O ano novo judaico (5778) e o dia do perdão

As comemorações do ano novo judaico (Rosh Hashaná) que agora se iniciam, culminam com uma das solenidades mais sagradas do judaísmo que é o Yom Kipur, o “dia do perdão”.

No Rosh Hashaná, as famílias se reúnem e se confraternizam desejando um ano bom para todos, independente de seus credos.

Nesse período somos todos confrontados com a realidade e os desígnios da vida, a impessoalidade é substituída pela aproximação, a frieza submerge e dá lugar ao calor humano, a mão é estendida e sempre bem-vinda a todos querem a paz e solidariedade.

Quem é religioso cumpre esta data com todo o rigor exigido, mas muitos, que assim não se consideram, também comparecem as sinagogas com suas famílias, mantendo a tradição. Sendo religioso ou não, tradicionalista ou não, ninguém que tem origem judaica ignora o significado e simbolismo desta comemoração.

O dia do perdão tem uma conotação religiosa toda especial: o julgamento de quem viverá o próximo ano, sendo caracterizado por um dia de sofrimento e expiação. Nessa data única e impar para os judeus de todo o mundo existem aqueles que jejuam por um preceito religioso, e outros que assim o fazem para manter uma tradição secular.

Quando completei 13 anos, a idade da maioridade segundo a tradição judaica (Bar-Mitzvá) sabia que desde então iria assumir uma série de responsabilidades perante a vida. Isso nunca me preocupou porque já aprendera com a tradição da família o que seria assumir esses deveres e obrigações.

Porém, um fato sempre me atemorizou: a necessidade de jejuar no Yom Kipur, o dia do perdão. Lembro-me bem que isso foi muito difícil nos primeiros tempos, mas que as duras penas fui tentando cumprir essa obrigação mantendo assim a tradição de minha família.

Com o decorrer do tempo, porém, já exercendo a minha profissão de médico, percebi que esse temor passou a não ser justificado. Inúmeras vezes tive que atender pacientes graves varando a noite, emendando o dia, sem ter em muitas ocasiões a oportunidade até de tomar água, ou ingerir algum alimento. Não sei se era por falta de necessidade, ou puro esquecimento. Talvez esse jejum fosse determinado por uma vocação e compromisso maior em tentar salvar a vida de algum paciente que corria risco de vida

Esse fato aconteceu e tem acontecido praticamente durante toda a minha carreira profissional, mas mesmo assim, até há poucos anos, vinha o temor e o medo de sofrer com a falta de ingestão de água e alimento no período que se iniciava com o aparecimento da primeira estrela na noite que prenunciava a reza sagrada do Kol Nidré, até o surgimento das estrelas no anoitecer seguinte, o que geralmente durava mais que 26 horas.

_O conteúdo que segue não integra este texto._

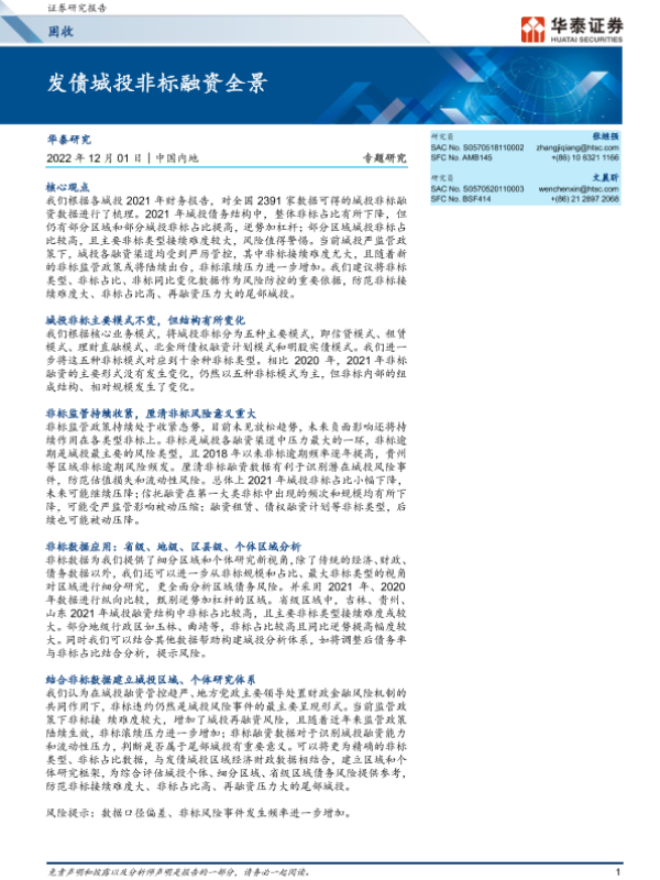 【华泰证券】【20221201】固收专题研究:发债城投非标融资全景-20页 行业研究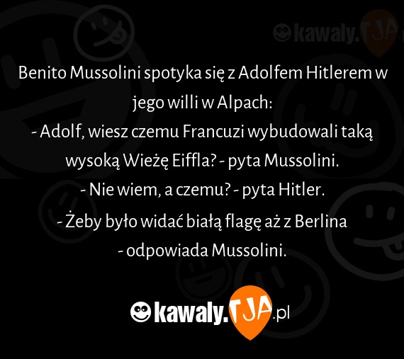 - Adolf, wiesz czemu Francuzi wybudowali taką wysoką Wieżę Eiffla? - pyta Mussolini.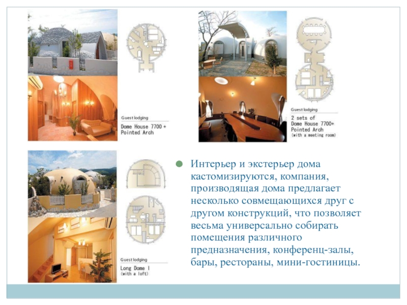 Слайд 38Интерьер и экстерьер дома кастомизируются, компания, производящая дома предлагает несколько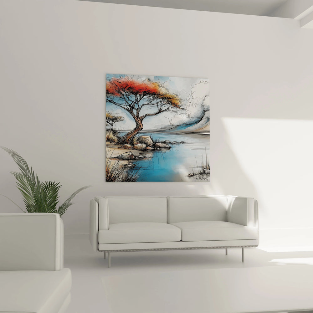 Cette œuvre présente un tableau acacia majestueux aux couleurs flamboyantes qui domine un paysage aquatique serein. L'arbre emblématique se dresse avec fierté, sa couronne rouge-orangée contrastant magnifiquement avec les tons bleus apaisants de l'eau. Ce tableau acacia savane africaine capture l'essence même de la beauté sauvage avec ses branches élégamment courbées et son tronc sculpté par le temps. La technique de dessin au trait noir définit parfaitement chaque détail, créant une harmonie visuelle saisissante entre la terre ocre et le ciel nuageux.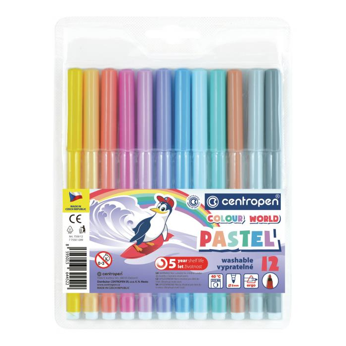 Vyprateľné farebné pastelové popisovače s ERGO držaním odolávajú vyschnutiu až 5 rokov. Zdraviu neškodlivý atrament, ventilačný vrchnák valcový hrot odolný voči zatlačeniu, šírka stopy 1 mm. Sada 12 popisovačov.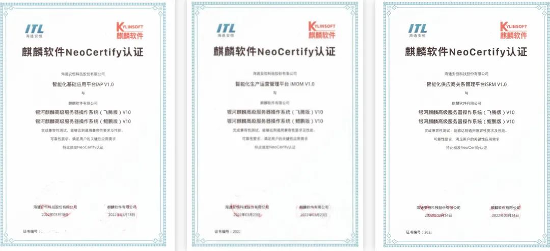 在本次智能化基础应用平台iAP、智能化生产运营管理平台iMOM、智能化供应商关系管理平台iSRM适配过程中,麒麟软件技术团队向海通安恒提供了全方位的支撑,包括在系统基础服务搭建、网络适配、模块适配、以及各个测试环节等方面都提供了针对性的建议与支持。这些建议和支撑使项目能在短时间内顺利地完成迁移与适配。智能化基础应用平台iAP、智能化生产运营管理平台iMOM、智能化供应商关系管理平台iSRM严格按照银河麒麟高级服务器操作系统适配标准完成适配评审,系统各项功能都通过了样例测试达到预期目标,系统的性能和稳定性都在预期范围或高于预期。
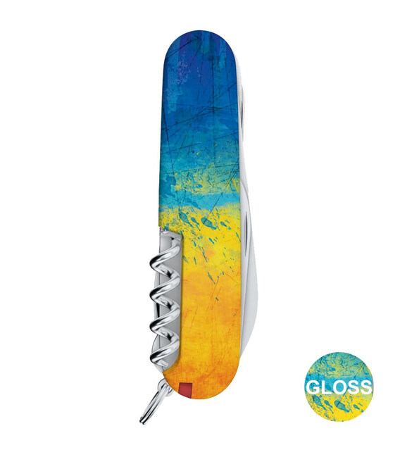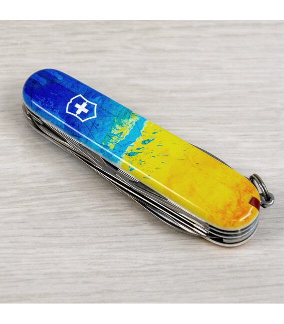 Ексклюзивний складаний ніж Victorinox HUNTSMAN UKRAINE 91мм/16 функцій/штопор/ножиці/пилка/гачок /Жовто-синій малюнок (Швейцарія) Гарантія: довічна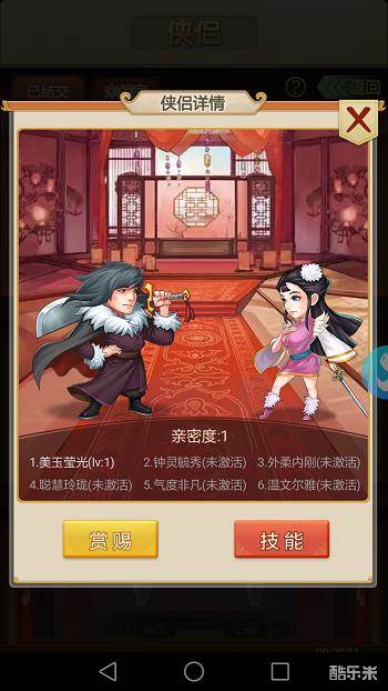 侠侣处有个亲密度,当累计亲密度到一定值时,便可解锁情侣技能。
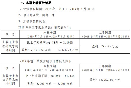 公告顯示,業(yè)績(jī)預(yù)告期間:2019年1月1日至2019年9月30日,歸屬于上市公司股東的凈利潤(rùn)約2,421.72萬(wàn)元—5,421.72萬(wàn)元,比上年同期增加:885%-2,106%。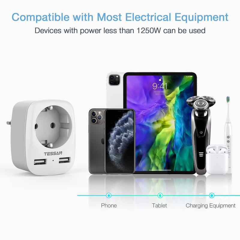 Suitable for most devices, compatible with most devices such as tablets, smartphones, razors, cameras etc. For all your charging needs during your trip and saves you a lot of space in your luggage without having to take additional adapters or sockets.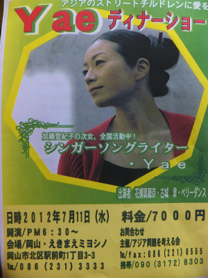 「Yae」さんは、加藤登紀子さんの次女。会場は我が尊敬する若林様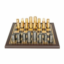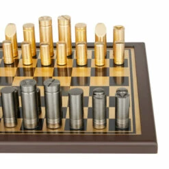 - A combination of aluminum and mango wood is used to construct the detailed form of this chess board game set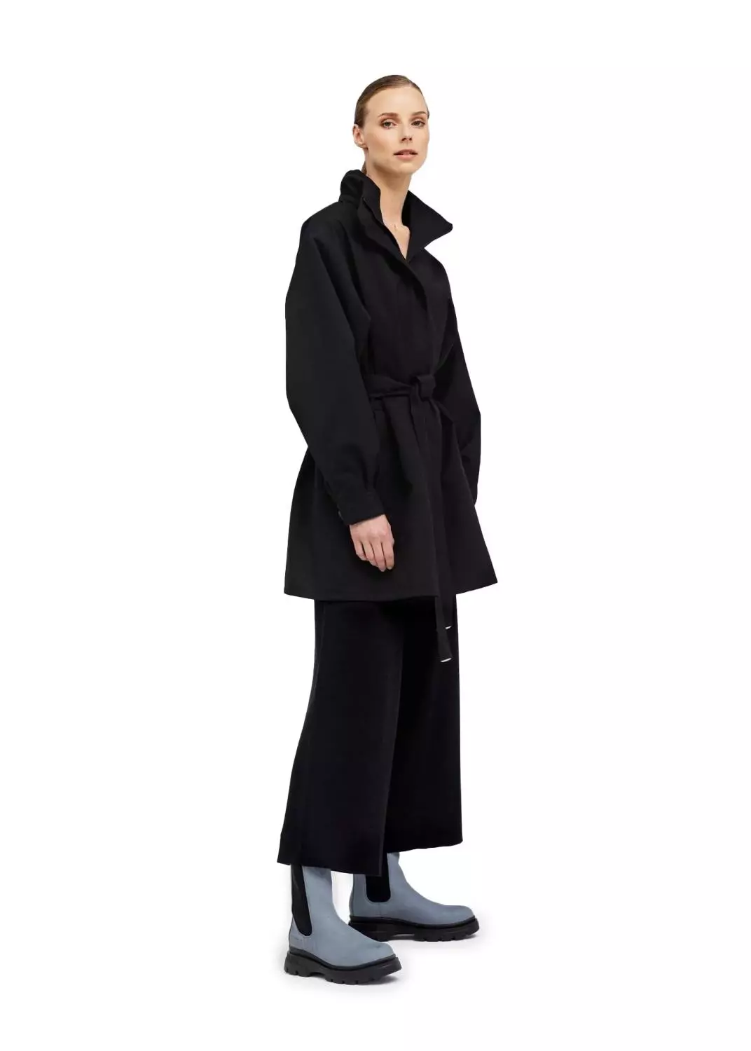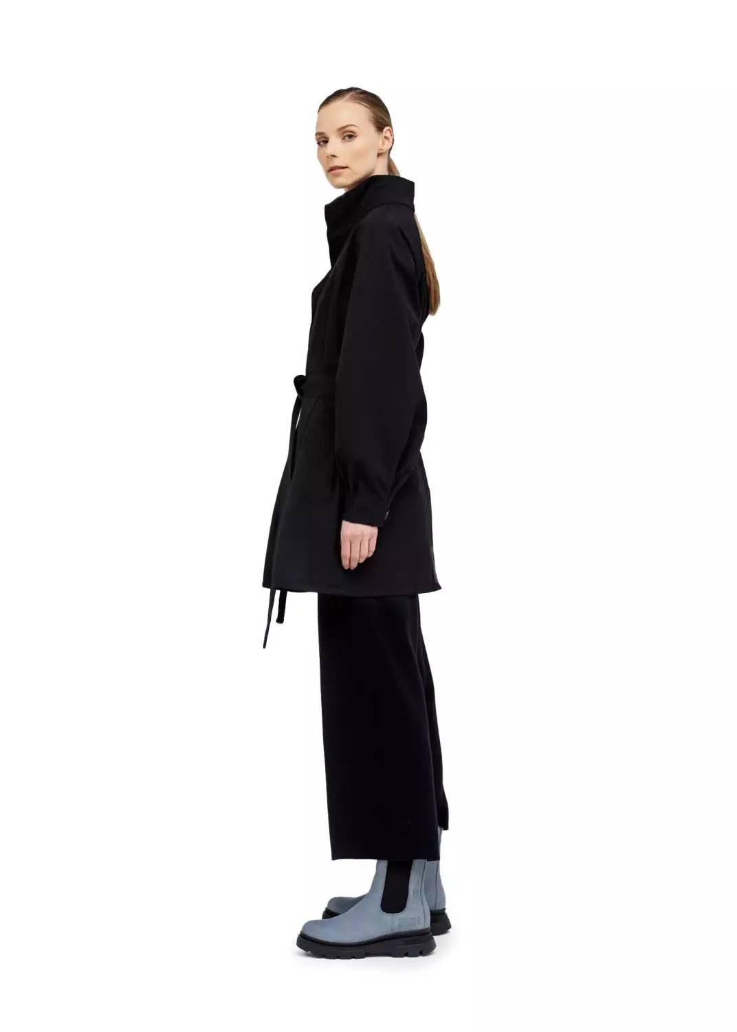 Rossby i fargen New Black, er en vanntett regnjakke som lar deg fremheve silhuetten din i all slags vær. Kåpen er laget i resirkulerte tekstiler med ballongformede ermer og belte i livet, for et ekstra feminint preg. Jakken har 20.000 i vannsøyle.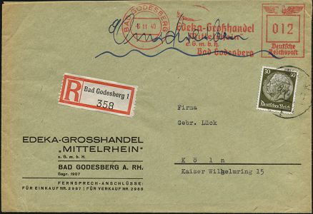 9991 | 30 € | 5320 BAD GODESBERG : BAD GODESBERG/ Edeka-Großhandel/ "Mittelrhein"/ e.GmbH 1940 (6.11.) AFS Francotyp "Reichsadler" 012 Pf. + Zusatz EF 30 Pf. Hinden-burg (Mi.523, EF + 70.-EUR = Einschreibgebühr + RZ: Bad Godesberg 1, Fern-R-Bf., seltene MiF (Dü.E-5CGo) | ![]() | |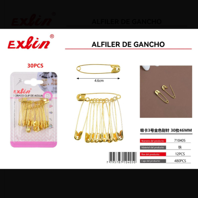吸卡3号金色別針 30枚46MM alfileres dorados 46 mm x30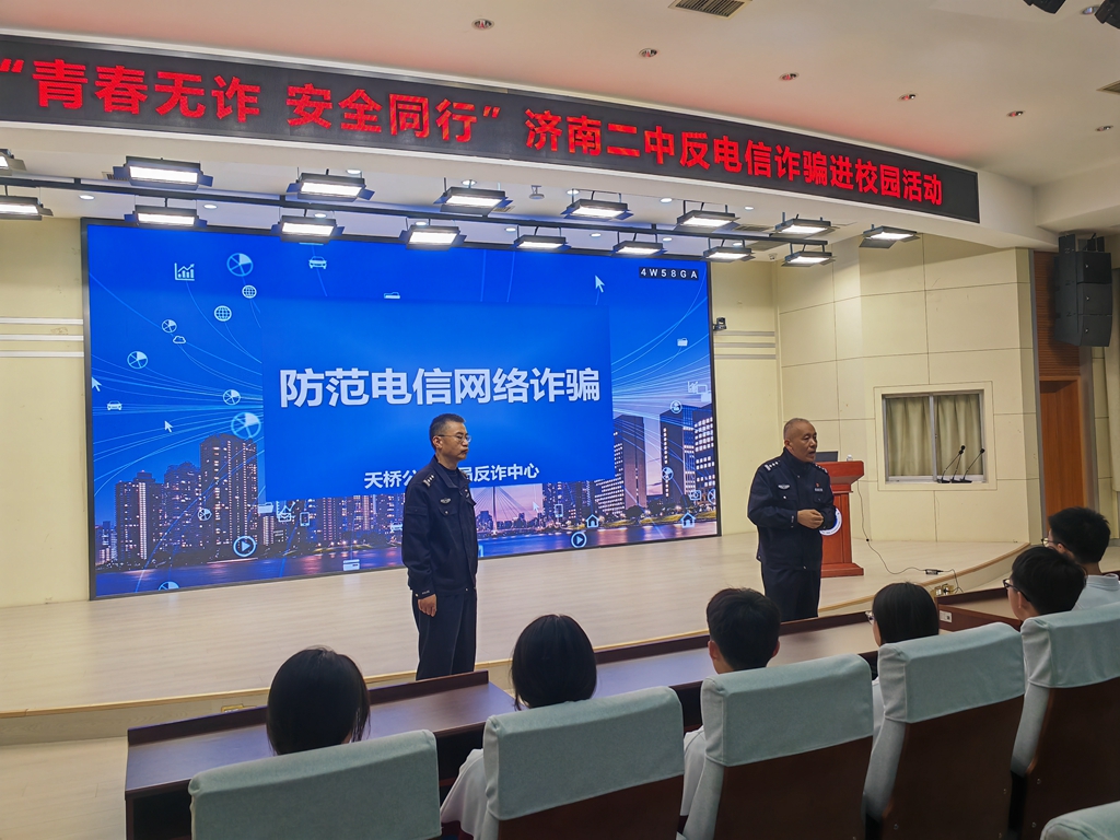 此次“反电信诈骗进校园”活动内容丰富、形式多样,既有专业的理论讲解,又有生动的案例分析和深入的互动交流,有效提升了济南二中师生的识诈、防诈、反诈能力,为构建平安和谐校园奠定了坚实基础。(来源/安全保卫科 初审/供稿 王朝晖 复审/终审 王莎莎 编辑/核发 袁伟)

Hoje estou perfeitamente consciente de que essa tolerância programada para o jejum é possível e não exige nenhum grande sacrifício. Também estou bem consciente da sensação desagradável do que é sentir sede e fome. No meu caso, porém, esse ato é voluntário, o que não ocorre com enorme população de esfomeados, refugiados e desgraçados nesse mundo, como observamos diariamente nos noticiários e na mídia em geral.

Segundo a tradição e religião judaica, o martírio e a expiação nesse dia de jejum pode propiciar o perdão divino para os pecados que cometemos, e nos redimir dos mesmos.

Acredito que para muitas pessoas esse jejum deveria ter uma duração muito maior, e difícil de dimensionar. O mundo que vivemos atualmente em vez de evoluir parece estar regredindo nos seus princípios e valores, e está sendo caracterizado por guerras, assassinatos, atentados, crimes, destruição, corrupção, enfim, tudo isso que eu já imaginava não mais assistir num mundo que se diz desenvolvido e civilizado.

De qualquer maneira, as solenidades do Rosh Hashaná e o Yom Kipur permitem que esse seja um período de reflexão no qual cada um de nós pode almejar e dar a sua contribuição para um futuro melhor para a humanidade.

Desejo a todos os queridos amigos um Shaná Tová (feliz ano novo) e que todos os povos desse mundo sejam inscritos no livro da vida (Hatima Tová).